Exercise: Restate each record word for word, omitting whatever pictures it holds.
◆ ◆ ◆ ◆ ◆ ◆ ◆
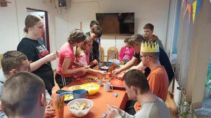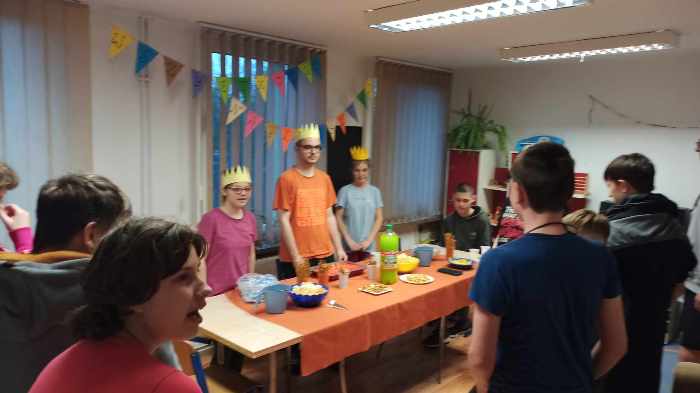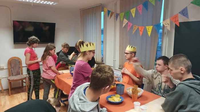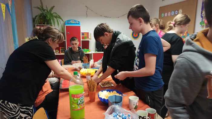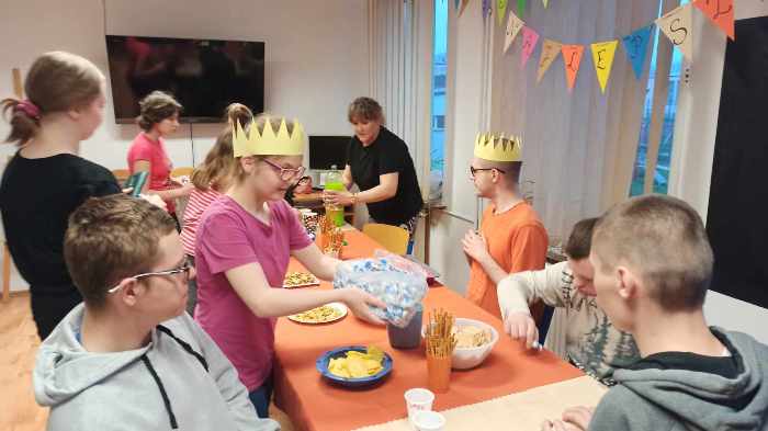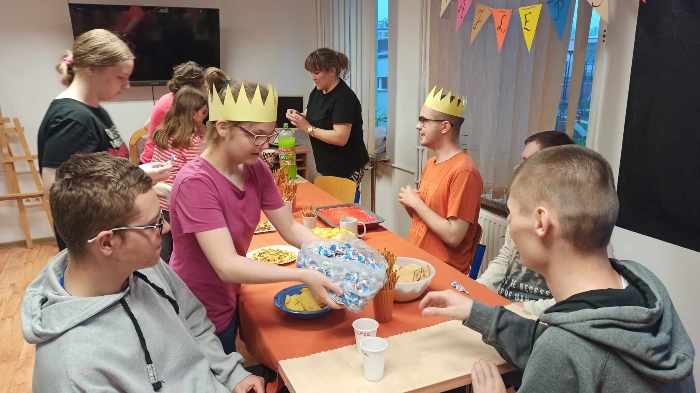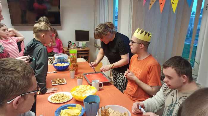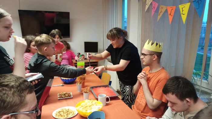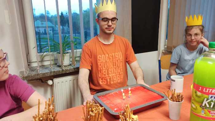 W dniu 10.04.2024 r. troje wychowanków mieszkających w internacie obchodziło urodziny. Z tej okazji, reszta wychowanków przygotowała niespodziankę w postaci przyjęcia, na którym wszyscy mieli okazję spędzić wspólnie czas oraz spróbować pysznego ciasta. Solenizanci usłyszeli piękne życzenia oraz piosenki urodzinowe na swoją cześć. Ostatnią częścią świętowania była dyskoteka i wspólna zabawa. Jubilaci byli bardzo szczęśliwi, że mogli świętować swój dzień z kolegami i koleżankami. Wszyscy wychowankowie bawili się wspaniale.
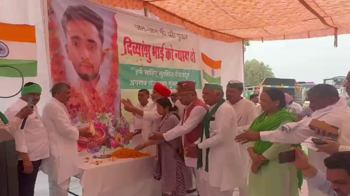 । राजधानी देहरादून में बीते 23 मार्च को मुजफ्फरनगर के छात्र दिव्यांशु जटराना की हत्या हुई थी। दिव्यांशु जटराना की हत्या का मुद्दा लगातार गरमाता जा रहा है। किसान नेता राकेश टिकैत के नेतृत्व में पश्चिमी यूपी और उत्तराखंड के तराई इलाकों से हजारों किसान देहरादून पहुंचे और देहरादून के आशारोड़ी चेकपोस्ट पर शोक सभा के साथ विरोध प्रदर्शन किया।
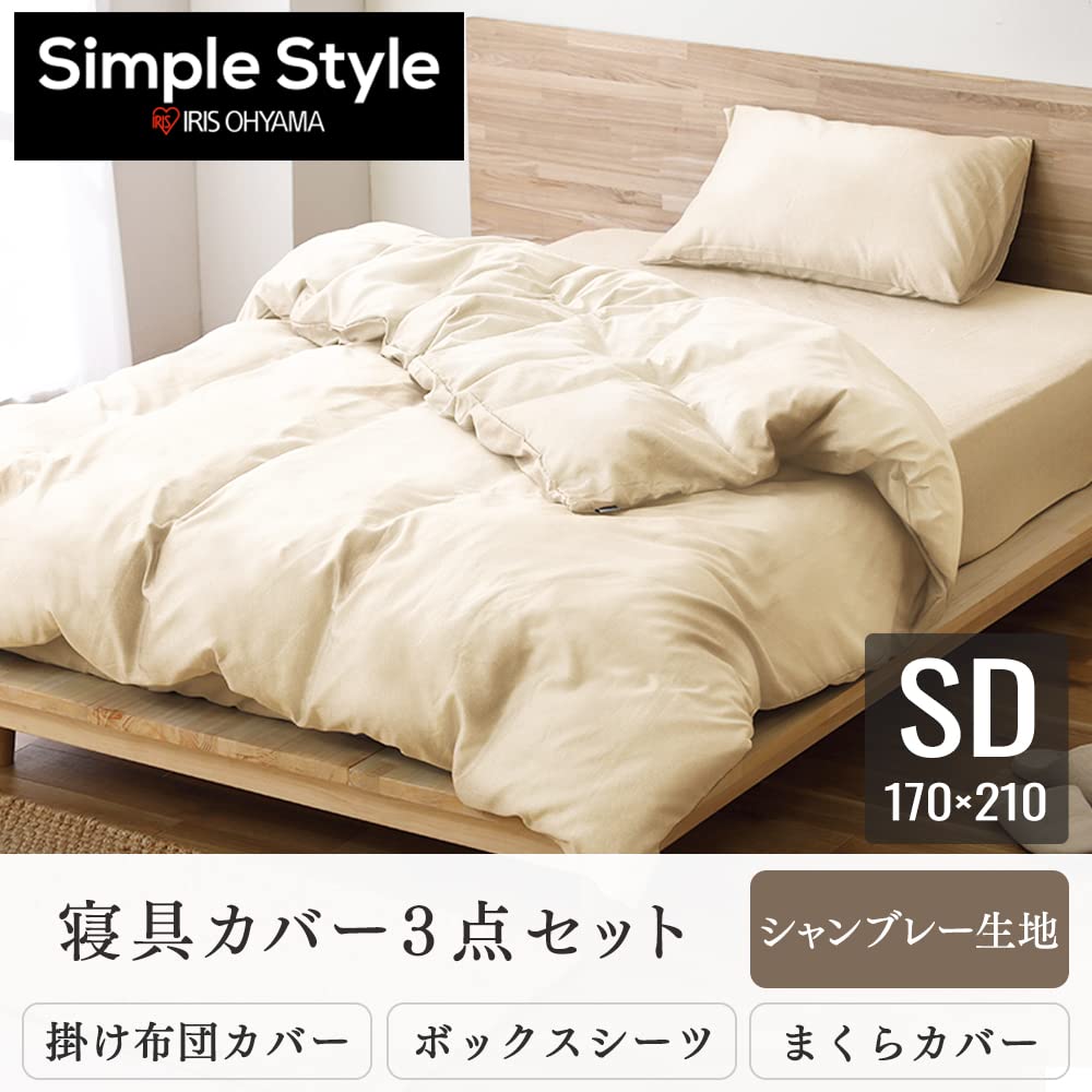 【在庫処分】【寝具カバー3点セット セミダブル】 アイリスオーヤマ 速乾シャンブレー生地 掛け布団カバー + ボックスシーツ + 枕カバー 43×63cm ネイビー
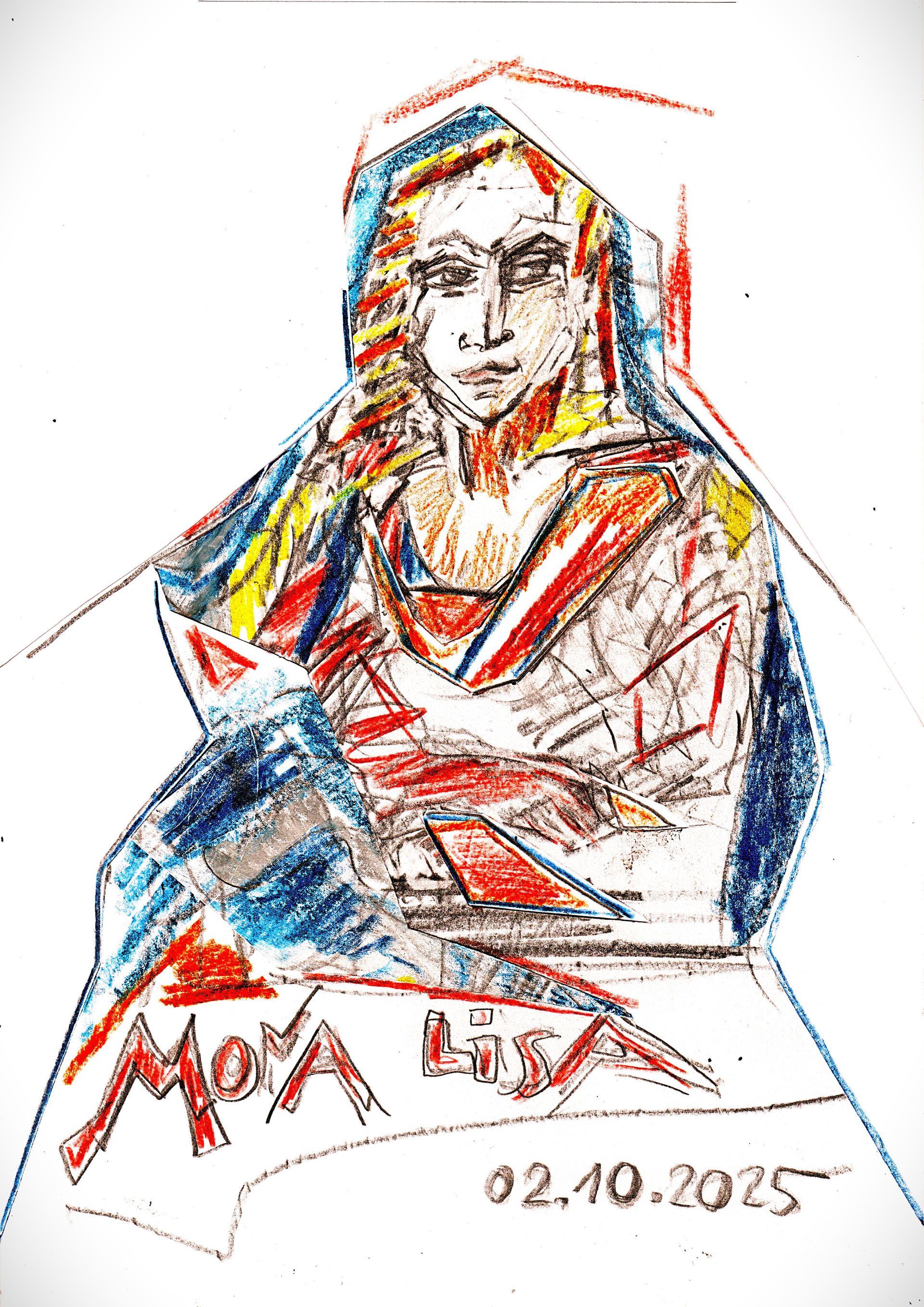 Mit mir entdecken Sie fantastische Orte. Zeichnung zum Thema Mona Lisa. Hier im Zusammenhang mit einer Studie zu meiner neuen Wohnung in Dahlenburg. Weitere Studien zur Außenansicht 21368 Dahlenburg, Lüneburger Str. 14 werden folgen. Ich halte Sie immer auf dem Laufenden. DIN A 4 Bleistiftzeichnung auf stabilen Papier. vom 17.08.2025.
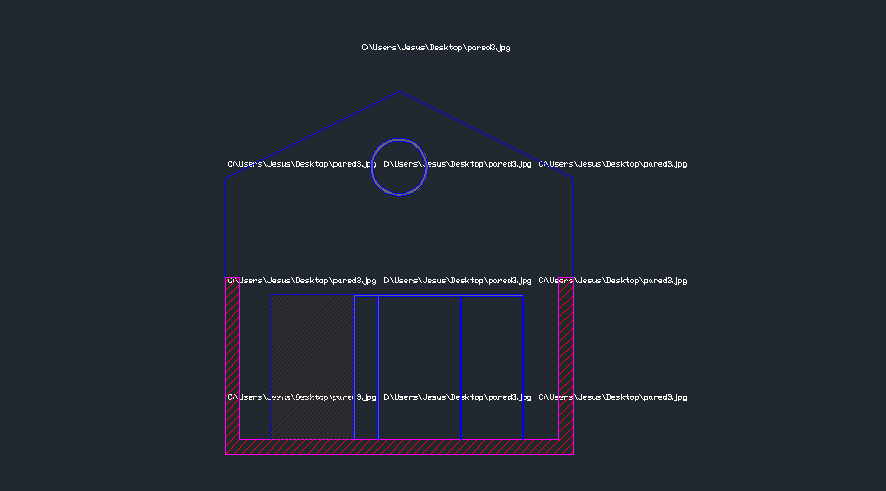 Al insertar una imagen en Autocad crees que has insertado la imagen como tal en el dibujo, pero en realidad lo que has insertado ha sido un enlace con la ruta donde se encuentra guardada la imagen, es decir, si cambias la imagen de carpeta o lugar donde la tenias almacenada, automáticamente la imagen desaparece del archivo de Autocad donde la insertaste, ya que Autocad no reconoce la nueva ruta donde la moviste. En el dibujo de Autocad aparecerá algo así:
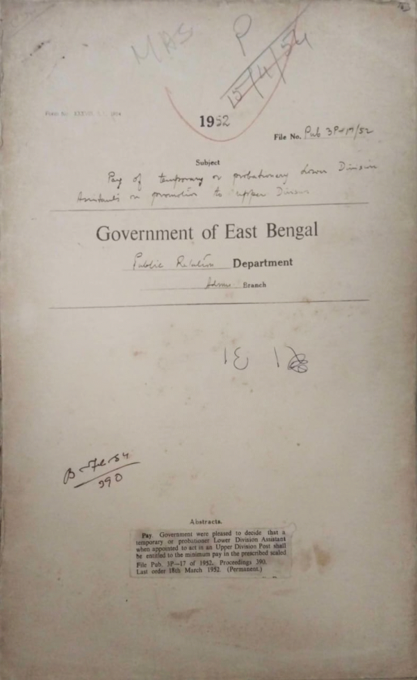 | Rack No. 18, Bundle No. 09, SI No. 604 Recruitment to central services made on a local basis as an all Pakistan basis. | Rack No. 18, Bundle No. 09, SI No. 605 Instruction for submission receipt and transmission of petitions to the governor general. | Rack No. 18, Bundle No. 09, SI No. 606 Compulsory retirement effected in pursuance of civil service regulation. | Rack No. 18, Bundle No. 09, SI No. 607 Pay of temporary or probationary L.D.A. on probation to U.D.A. | Rack No. 18, Bundle No. 09, SI No. 608 Rules for drawing special pay or recurring honorarium. | Rack No. 18, Bundle No. 09, SI No. 609 Grant of rent for hire of a house for the battery charging centre, Manikganj. | Rack No. 18, Bundle No. 09, SI No. 610 Retention of the staff of the Editorial section of the P.R. Department. |
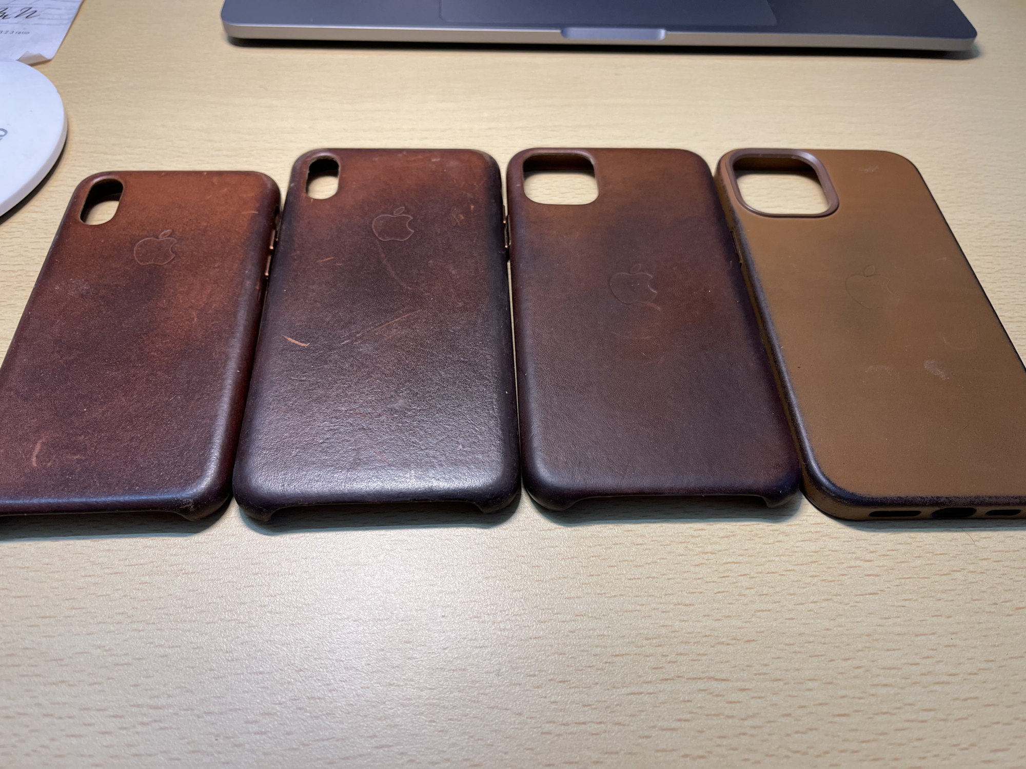 Thanks for posting this. Perfect example of the difference between worn paint and actual worn leather.A few pics of my old cases from X onwards. I think apple has dropped the ball on 12 pro leather cases. It looks significantly different than the previous ones. I'll miss the saddle brown colour that I loved since the beginning. This year's colour choices seems extremely weird.
◆ ◆ ◆ ◆ ◆ ◆ ◆
Result below:
 W dniu 10.04.2024 r. troje wychowanków mieszkających w internacie obchodziło urodziny. Z tej okazji, reszta wychowanków przygotowała niespodziankę w postaci przyjęcia, na którym wszyscy mieli okazję spędzić wspólnie czas oraz spróbować pysznego ciasta. Solenizanci usłyszeli piękne życzenia oraz piosenki urodzinowe na swoją cześć. Ostatnią częścią świętowania była dyskoteka i wspólna zabawa. Jubilaci byli bardzo szczęśliwi, że mogli świętować swój dzień z kolegami i koleżankami. Wszyscy wychowankowie bawili się wspaniale.
 । राजधानी देहरादून में बीते 23 मार्च को मुजफ्फरनगर के छात्र दिव्यांशु जटराना की हत्या हुई थी। दिव्यांशु जटराना की हत्या का मुद्दा लगातार गरमाता जा रहा है। किसान नेता राकेश टिकैत के नेतृत्व में पश्चिमी यूपी और उत्तराखंड के तराई इलाकों से हजारों किसान देहरादून पहुंचे और देहरादून के आशारोड़ी चेकपोस्ट पर शोक सभा के साथ विरोध प्रदर्शन किया।
 【在庫処分】【寝具カバー3点セット セミダブル】 アイリスオーヤマ 速乾シャンブレー生地 掛け布団カバー + ボックスシーツ + 枕カバー 43×63cm ネイビー
 Mit mir entdecken Sie fantastische Orte. Zeichnung zum Thema Mona Lisa. Hier im Zusammenhang mit einer Studie zu meiner neuen Wohnung in Dahlenburg. Weitere Studien zur Außenansicht 21368 Dahlenburg, Lüneburger Str. 14 werden folgen. Ich halte Sie immer auf dem Laufenden. DIN A 4 Bleistiftzeichnung auf stabilen Papier. vom 17.08.2025.
 Al insertar una imagen en Autocad crees que has insertado la imagen como tal en el dibujo, pero en realidad lo que has insertado ha sido un enlace con la ruta donde se encuentra guardada la imagen, es decir, si cambias la imagen de carpeta o lugar donde la tenias almacenada, automáticamente la imagen desaparece del archivo de Autocad donde la insertaste, ya que Autocad no reconoce la nueva ruta donde la moviste. En el dibujo de Autocad aparecerá algo así:
 | Rack No. 18, Bundle No. 09, SI No. 604 Recruitment to central services made on a local basis as an all Pakistan basis. | Rack No. 18, Bundle No. 09, SI No. 605 Instruction for submission receipt and transmission of petitions to the governor general. | Rack No. 18, Bundle No. 09, SI No. 606 Compulsory retirement effected in pursuance of civil service regulation. | Rack No. 18, Bundle No. 09, SI No. 607 Pay of temporary or probationary L.D.A. on probation to U.D.A. | Rack No. 18, Bundle No. 09, SI No. 608 Rules for drawing special pay or recurring honorarium. | Rack No. 18, Bundle No. 09, SI No. 609 Grant of rent for hire of a house for the battery charging centre, Manikganj. | Rack No. 18, Bundle No. 09, SI No. 610 Retention of the staff of the Editorial section of the P.R. Department. |
 Thanks for posting this. Perfect example of the difference between worn paint and actual worn leather.A few pics of my old cases from X onwards. I think apple has dropped the ball on 12 pro leather cases. It looks significantly different than the previous ones. I'll miss the saddle brown colour that I loved since the beginning. This year's colour choices seems extremely weird.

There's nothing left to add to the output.